Gaia Illuminations begin as complex, somewhat random geometric drawings and textures, or marbling, on a heavyweight printmaking or watercolor paper, through which I construct a cosmos of sorts that has multiple 'centers' and therefore multiple trajectories of spiral, revolution, gravity, etc. Upon this structural drawing I immediately began illuminating with gold and silver leaf, and various pieces of the poetic aforementioned texts through traditional pointed pen and broad-nib pen, as well as many layers of color and transparent dye— some of these are organic material and found, some are conventional 'art supplies'.


The early drawing process gets very chaotic, with assorted water-based inks, stains, dyes and media forming the textures and layers of the drawing while simultaneously buckling and disturbing, sculpting the paper surface. The language that is applied to the surface sometimes becomes additional visual 'structure' for creating new regions of text or texture. I often use the shorthand "alchemical inks and earth pigments" as a material list, as the process of drawing, designing and working with the elemental media feels very related to alchemy as a method and metaphor— mixing lowly materials with recipe, intent, and indeed, a little magic, to produce something akin to gold. 

Through this work, I am articulating a question about the assumptions we make as a culture about the structures and hierarchies of the Universe. I seek to elevate the teachings and queries of thinkers such as James Lovelock, Robin Wall Kimmerer, Derrick Jensen (no relation), Donna Haraway and Bruno Latour, whose works all call into question the way in which we as human beings relate and coexist with beings of all other kinds. I consider my visual response to these philosophers, academics and activists to be a call for reverence and reconsideration of our surroundings— long believed to be inert backdrops to our theatre, but which in fact have agency and consciousness, even if they manifest very differently from human agency and sentience. This is, I believe, very necessary work to be making in our current moment, as we face many crisis-level challenges in relationship to our Earth and how Life continues on it, and within it.


This series of work continues fervently. I am in residence at the Vermont Studio Center this month, creating prints and drawings in the Gaia Illumination vein. Some of the works I complete here will feature into my upcoming solo exhibition at Fleisher Art Memorial, in Philadelphia, PA, as part of the 2019-2020 Wind Challenge exhibition series.
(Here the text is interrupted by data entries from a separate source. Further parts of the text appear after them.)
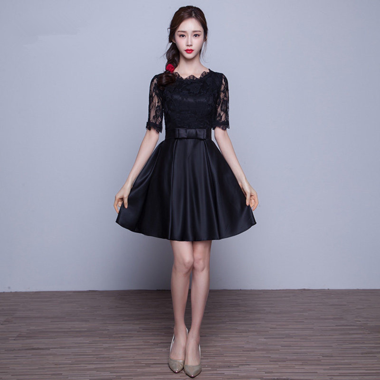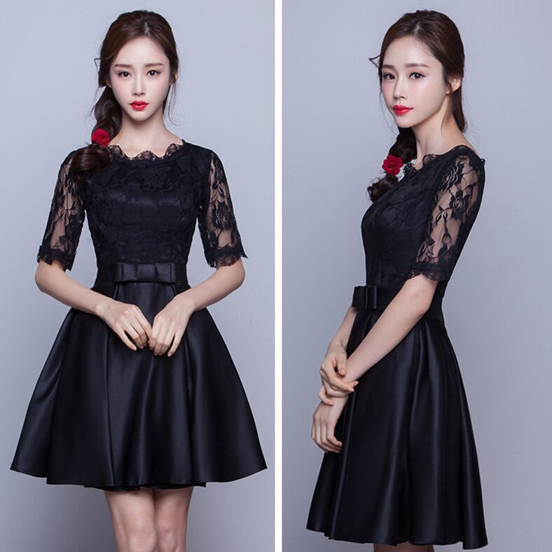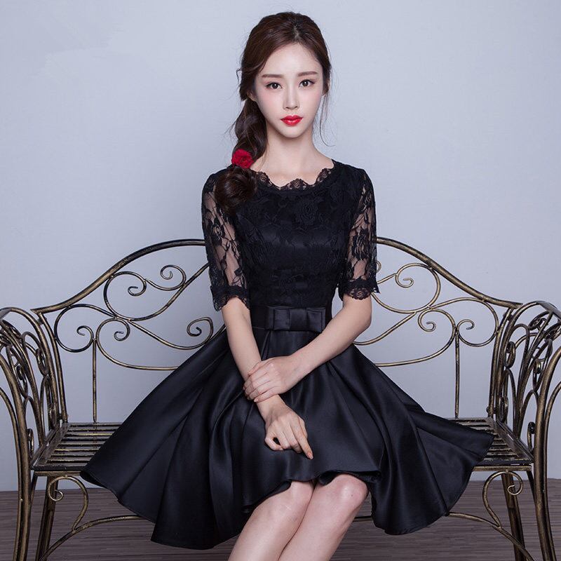 ☆SALE☆ ブラックパーティードレス レース 切り替え フレア 式典 発表会
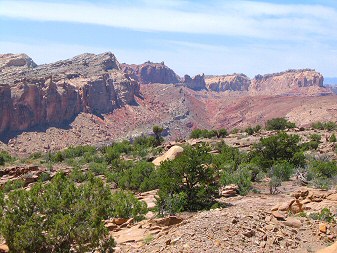 description = In the distance the Behind the Reef road climbs up the Kayenta shelf. Above is the Navajo, and below is the oddly-sloped Wingate. Below that is the Chinle/Moenkopi valley
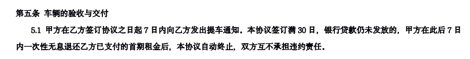 ▲購車協(xié)議承諾7日內(nèi)發(fā)出提車通知
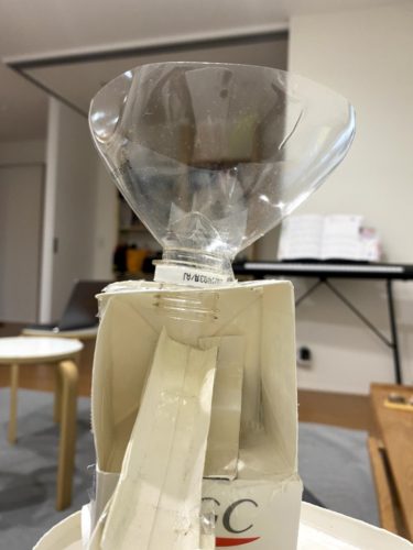 土台の中には公園に落ちているちょっと大きい石を入れれば動かない。スタートはペットボトルの上の部分を切ったものを逆さにして穴を開けた牛乳パックに差し込む。穴がちょうどビー玉のサイズにピッタリでちょうど気持ちよく通過してくれる。良いスタートがきれるのだ。

The show is set to open on December 5, 2019.


Here is a work in progress at the Vermont Studio Center, I hope you can see its relationship to the above piece, as well as others listed in my Paintings & Drawings portfolio.



Gaia Illumination Bibliography

For your reference, if your interest in the provenance of this work continues:


-Abrams, David. “The Spell of the Sensuous: Perception and Language in a More-than-Human World.” New York: Pantheon Books, 1996.
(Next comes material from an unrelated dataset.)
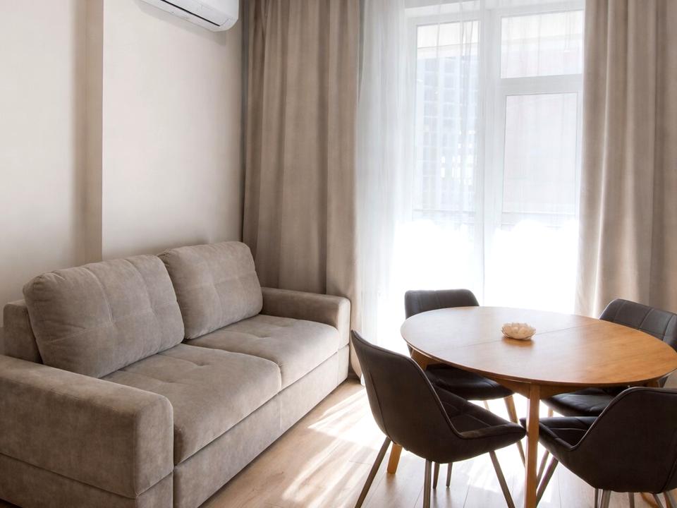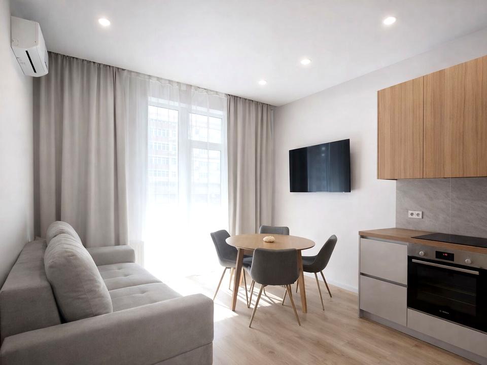В квартирі 1 кімната, висота стелі 3 метра, Технологія будівництва - Монолітно-каркасна, Тип будинку - Спец. проект. Немає газу, кухонна плита електрична. Є балкон. У квартирі є Телевізор, Кондиціонер, Пральна машина, Душова кабіна, Холодильник, Посудомийна машина. Будинок побудований в 2019 році. Загальний стан квартири - З ремонтом. Гаряча вода - електричний бойлер. Кількість санвузлів: 1. Тип кухні - кухня-студія. Кількість спален: 1. Є підземний паркінг, доступний як укриття. Без комісії

-de Waal, Frans. “Are We Smart Enough to Know How Smart Animals Are?” WW Norton & Co, 2017.

-Demos, TJ. "Against the Anthropocene." Sternberg Press, Berlin. 2017.

-Elkins, James."What Painting Is: How to think about oil painting using the language of alchemy.” Routledge, NYC & London. 1999. 
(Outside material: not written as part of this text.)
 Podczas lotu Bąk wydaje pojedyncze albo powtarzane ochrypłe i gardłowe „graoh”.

-Haraway, Donna. "Staying with the Trouble: Making Kin in the Cthulucene." Duke University Press, 2016.

-Kimmerer, Robin Wall. "Braiding Sweetgrass" Milkweed Editions, Minneapolis. 2014.

-Latour, Bruno. "Down to Earth: Politics in the New Climatic Regime." polity press, Cambridge, UK. 2017-18.

-Lovelock, James. “Gaia: A New Look at Life on Earth.” Oxford University Press, UK. 2016.

-Mowat, Farley. “A Whale for the Killing.” Douglas & McIntyre, 1991.

-Shlain, Leonard. "The Alphabet Versus the Goddess". Penguin Compass, NY. 1998.


*There are many other books, articles, and references, but I think this is an excellent and diverse primer list.